My name is Charlotte, sometimes known as Ms Lottie, occasionally as The Slightly Mad Quilt Lady. This is my blog, where you'll find me writing a lot about my quilting and textile arts and a little about my family's life in a small seaside town in New Zealand. Haere mai!

Thursday, September 5, 2019

Canada has barn quilts. And barns.


Lots of you know that I recently spent two months in Canada*.  An amazing time was had, and I hope to write a few more blog posts about what I got up to when I was there, but for now I want to start with barn quilts. And barns.


I'd heard of barn quilts, but I'd thought they were just an American thing. But Canada has barns too, so why not barn quilts as well?! 

A barn quilt is a big quilt block painted on a piece of wood and stuck on the side of a barn. They've been around for hundreds of years, farmers used all sorts of folk art to decorate barns in the past, but in the last few decades they've had a resurgence.


They are often used to draw tourists to small towns, with barn quilt trails leading visitors from one place to the next. These barn quilts I photographed are all around the tiny town of Ailsa Craig, in south west Ontario, where I spent a week at the Ailsa Craig Quilt and Fibre Arts Festival.


One of our lovely hosts, Mary, spent an evening driving Clare, Catherine and myself around miles and miles of lovely countryside. There were more barn quilts I got to see but didn't photograph because the light was getting pretty low.




The south west Ontario countryside was beautiful. Quite flat, lots of farming, gorgeous trees that were just leafing out for Spring, and lots and lots of great barns.  I loved the shapes of them and the colours, so different from New Zealand.


The iconic Canadian maple leaf had to feature somewhere! If you want to know more about the barn quilts in Canada, you can visit the Canadian barn quilt website, where you can read stories about the people behind them and find maps if you want to follow a barn quilt trail.


As well as new barns, there were also lots of older buildings. Such great shapes.


Mary knew who owned this one, so we were able to get up close and personal with it.  There are also lots of barns that don't have barn quilts, but are still decorated in some way.
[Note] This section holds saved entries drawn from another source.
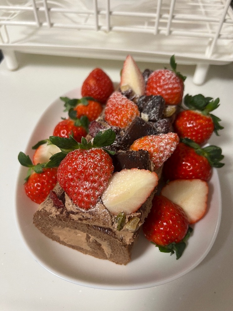 ロールケーキデコってそれっぽくしたやつ😮💨😮💨😮💨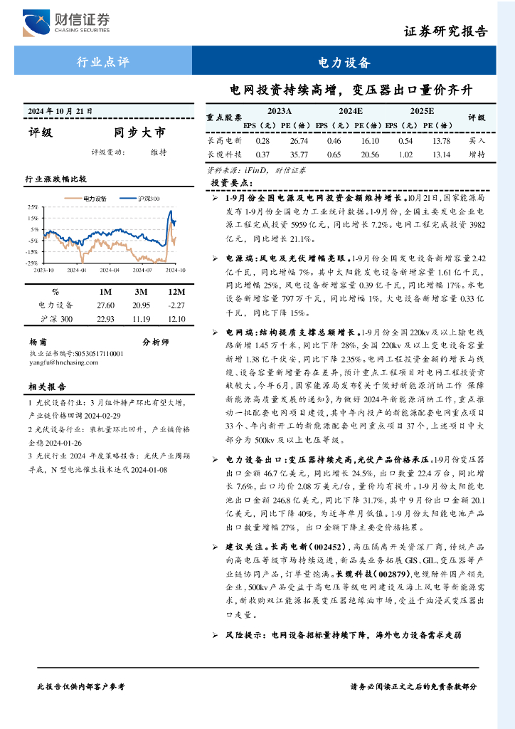 财信证券:电力设备行业点评:电网投资持续高增,变压器出口量价齐升.pdf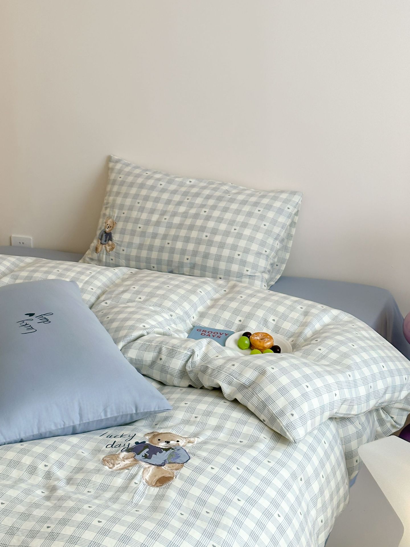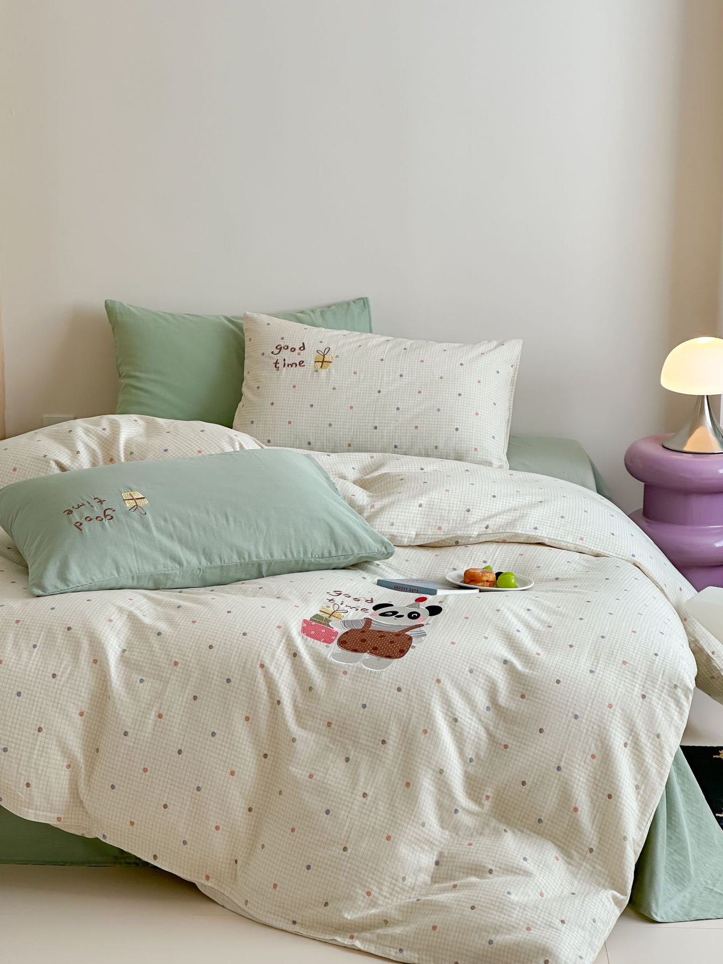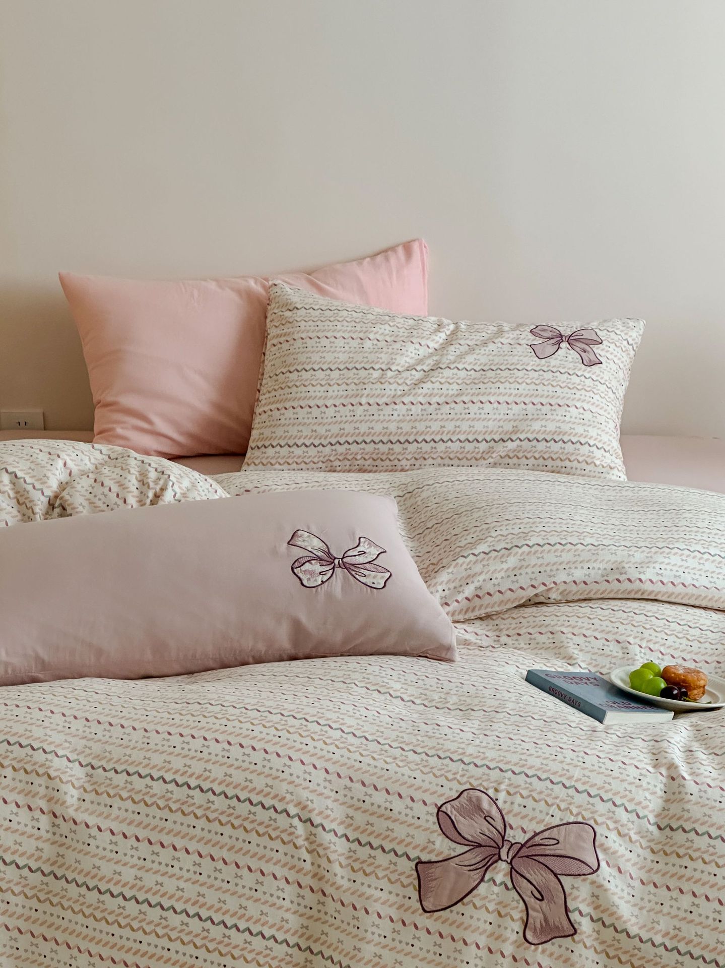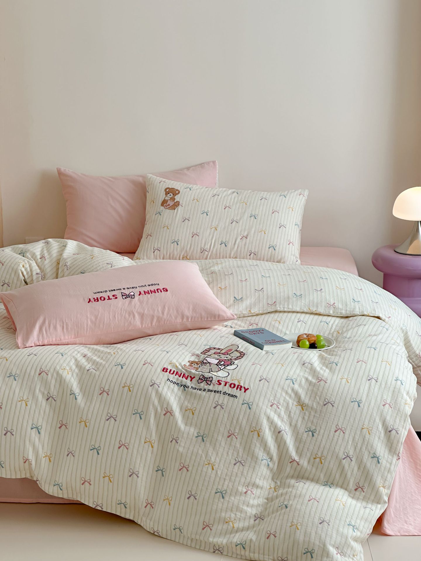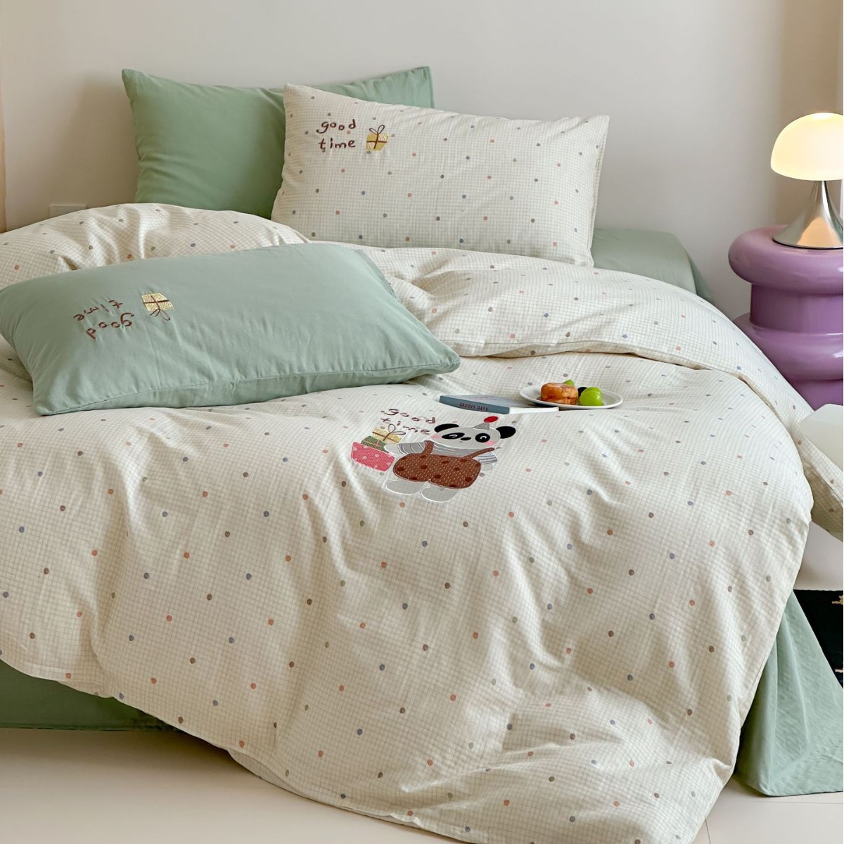 작은 신선한 면 더블 레이어 원사 4 세트 활 자수 코튼 퀼트 커버 기숙사 3 피스 침구

And then I got to rural Nova Scotia, and I found SO MANY brilliant barns! Unfortunately we were driving a hulking great camper van by then and Hubby couldn't really pull over for me every time I saw something I wanted to photograph (sad face emoji), so lots of these next pics are taken from a moving vehicle.


Gloomy.


Nova Scotia has quite red soils, nicely echoed in the rust on this barn.


That's the Bay of Fundy in the background of the barn above. It has the highest tides in the world and when the tide is out there is acres of red tidal mud.


How could you not love everything about this big red beauty?


This one (above and below) is a rebuilt approximation of the barn on the Anne of Green Gables historical site on Prince Edward Island. This property was were L M Montgomery spent a lot of time as a child and was the inspiration for the house called Green Gables.



And I found other great buildings too, like this wharf shed in Maine, US.


And last, but not least, how about this abandoned house on the hill in New Foundland?  I hope you enjoyed my little structures of North America tour.


*That goes some ways to explaining the big black hole in my recent blogging activity!

1 comment:

  1. I've loved seeing these photos, so many different styles of barn, they're amazing and the little abandoned house in Newfoundland - what a history it must have!